When you spend time in the African savannah you are surprised to see how relaxed the herbivores can be in the proximity of the big cats. Zebras and antelopes don’t stampede at the mere presence of a lion, but they rather observe it. Information flows in both directions, and the ungulates know how to read the body language of predators. A feline walking casually is no cause of panic, and the potential prey just look at it cautiously until it disappears. And it makes sense, because if zebras had to be in a constant state of panic at the possible presence of a predator, stress would kill them even before the predators would. For us humans as well, irrational fear of predators is probably something that developed once we abandoned our life as hunters-gatherers to become Neolithic farmers. Before that, cautious respect and a keen interest in the predators would be a far more useful attitude than panic.
As a sabertooth freak, I often imagine what it would be like to travel back in time and meet my favourite predators from the past. If I were in a B movie, a succesion of screams and chases would follow, and my survival would depend on being the star of the film or a mere sideshow, so I would really stand little chance of survival! But in the natural world, I should rather try to follow the example of the zebra and read the cat’s body language before running.
To see an adult Amphimachairodus walking your way would be in impressive sight by any standards. Tall as a lion, it would walk with a cat-like supination of the forepaws, although less exaggerated than in a lion: the structure of its elbow and wrist joints tell us that much. Free-swinging shoulder blades would move up and down as the cat stepped towards us. But the animal’s head would be subtly different from any modern cat’s. The face was narrower, with slightly smaller eyes looking less frontally, somehow intermediate between a lion’s and a wolf’s in terms of relative size and position. The muzzle was long and high but also narrow, with blade-like upper canines showing discretely beyond the upper lips.

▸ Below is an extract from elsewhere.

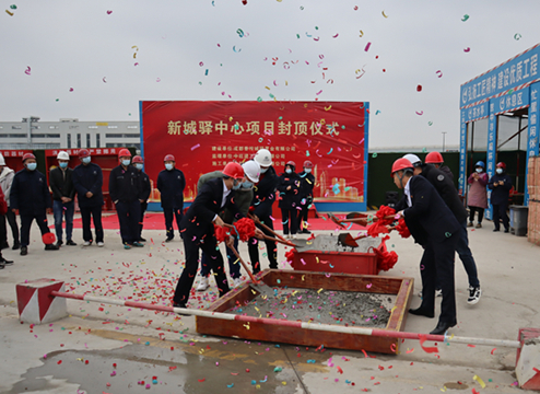 2022年1月25日,集團公司承建的四川成都新城驛中心項目(一標段),在施工現場舉行結構封頂儀式。現場裝飾一新,呈現出一派喜慶祥和的氛圍。項目建設、監理單位代表,項目部相關人員參加儀式。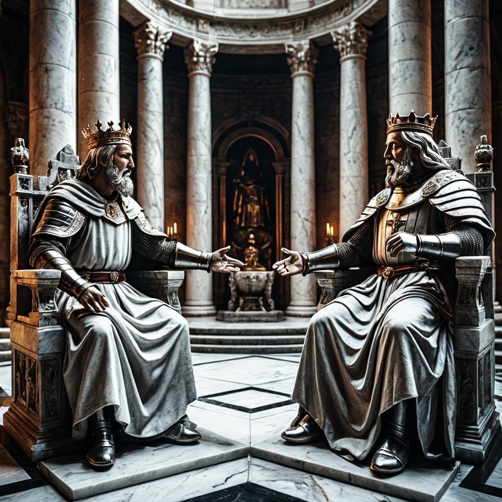 A heated debate between two Mesopotamian gods, marble statues, Detailed, ziggurat temple background, wide angle, close up, photorealistic, octane render, art style by Oliver Barrett + Simon Dominic + Ilya Repin, volumetric lighting, hdr.

Reconstruction of Amphimachairodus in frontal view. The animal was as tall as a lion with a distinctly cat-like walk, but it had a peculiar narrow head with a high and narrow muzzle and blade-like upper canines showing beyond the upper lips
amphimachairodus-front low res

Concerning body language, if the cat is walking upright and with a casual cadence, you have reason to think it is just minding its business rather than stalking you. A relaxed mouth further indicates lack of aggression, but ears pointing slightly backwards are less simple to read. In the general context of a relaxed animal they don’t mean much, but it could be the sabertooth is not very happy about something. Better observe it for a few seconds and see what those ears do, but remember that any part of the animal’s body generally works as a part of the whole, and if the cat is in an aggressive mood there will be other signs apart from those ears to show it…
Amphimachairodus lived a little too long ago for our bipedal hominin ancestors to have come across it, but other sabertooths, such as Homotherium and Megantereon, were familiar elements of their world. I am sure that body-language reading was more important than panic as a reaction to their presence. But timing is everything, and surely there was a right time to panic as well!